Virtual meetings in Second life from 2009

https://lindenlab.wordpress.com/2009/02/10/working-in-the-virtual-world/

An idea that just wont die.

 

A serious reply too.

Meetings, conferences and lectures are basically the same. They are all about communication and to communicate effectively, we need to use the tools and methods available to make the participants as receptive as possible to each others' input. (Communication is always two-way btw, never forget that.) The various channels we have - face-to-face in RL, text only (chat rooms, email exchanges etc.), voice only (phone calls, voice chats etc.), video conferences and virtual reality meetings - all have their unique pros and cons.

What I've seen in all initiatives from Linden Labd and Facebook and other service providers is that they attempt to emulate RL events as closely as possible. With that approach we tend to end up with a situation with most of the disadvantages and few of the advantages RL has to offer and with very limited (if any) use of the possibilities a virtual world can offer and RL can't.
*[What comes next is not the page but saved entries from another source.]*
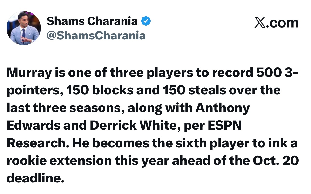 Shams:2022年4号秀,基根-穆雷与国王达成5年1.4亿提前续约合同。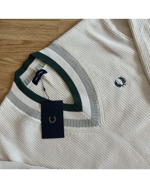 This Fred Perry jumper is a must-have for any stylish man. With its classic striped design and V-neckline, it is perfect for any casual occasion. Made from high-quality materials, this pullover is both comfortable and durable. Available in size 2XL, this jumper is suitable for men of all sizes. The white colour makes it easy to pair with any outfit. Perfect for those who love a timeless and classic look.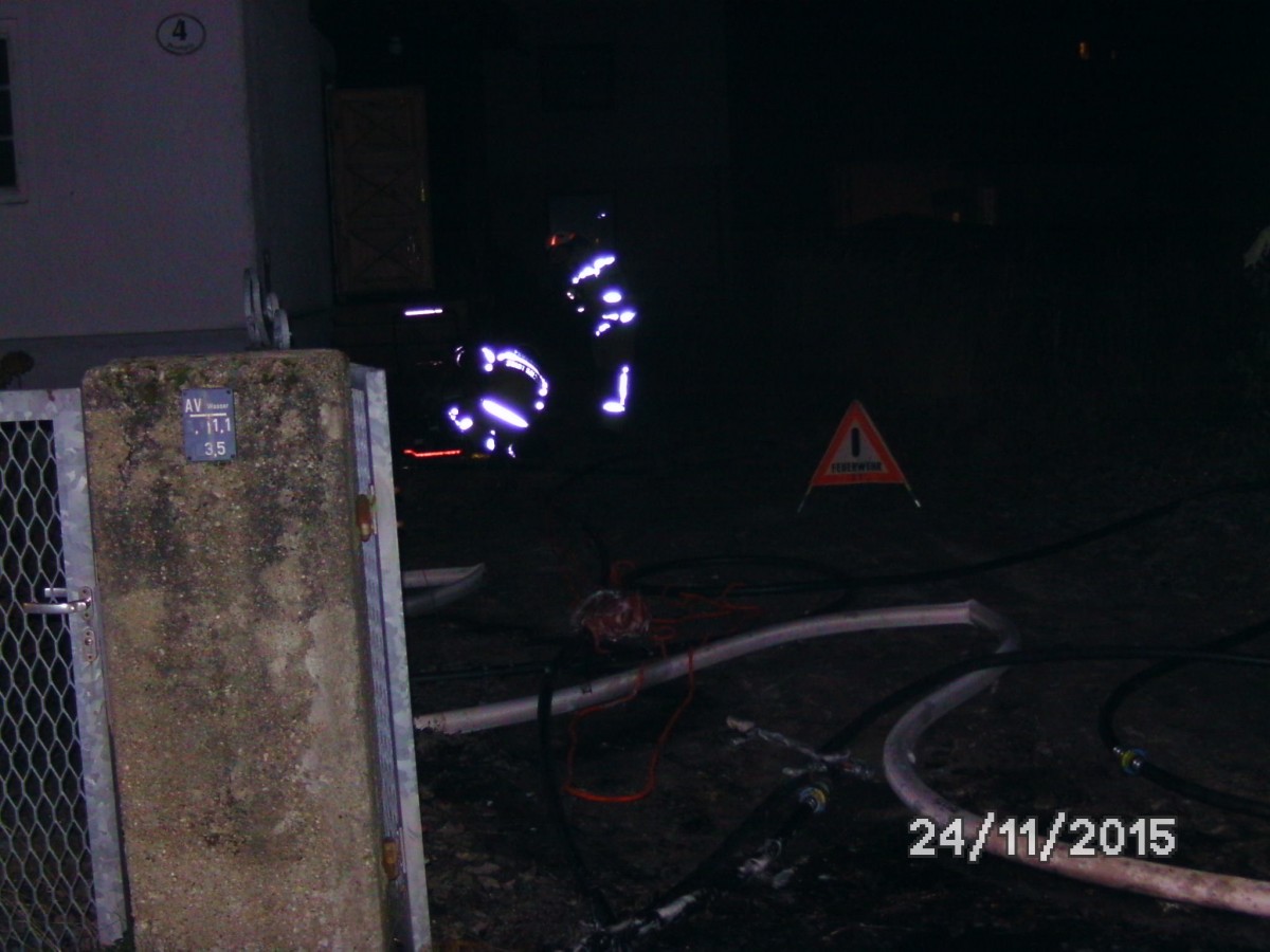 Nach einer Erkundung musste Tank II Bruderhof mit flexiblen Hochdruckschläuchen einen Innenangriff vorbereiten, da der HD auf der Haspel vorübergehend außer Dienst war.Weiters waren die Atemschutzgeräte des Fahrzeugs gerade bei der Überprüfung, wodurch für die Zeit bis zum Eintreffen von Pumpe I ein Angriff mittels Schaumrohr durch ein offenes Kellerfenster vorgenommen wurde.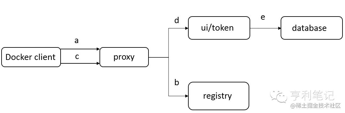 (c) token 服务在经过Nginx转发得到这个请求后,会访问数据库核实当前用户是否有权限对该image进行push。如果有权限,它会把image的信息以及push动作进行编码,并用私钥签名,生成token返回给Docker客户端;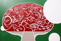 Newton schilderde tijdens Cultura Nova zijn ontwerp voor een cd-box van de muziekgroep Sweet Barbarians. Welke muziek de dertig leden tellende groep Sweet Barbarians maakt? Een mix van rock en pop, zegt Newton, waarna hij droogjes meedeelt dat de groep alleen in zijn hoofd bestaat. Alleen de kunst die hij eromheen maakt, is echt.

A different approach is to start with the unique qualities of a virtual reality and see if they can be used to create an environment conductive to "serious" communication. There have been several private innitiatives trying to do this but although many of them look very promising, they've all been hampered by lack of resources and inadequate support from the platform owners, so it's still impossible to say for sure whether this is a viable option. It's worth looking at though and it's the only option that has any potential at all.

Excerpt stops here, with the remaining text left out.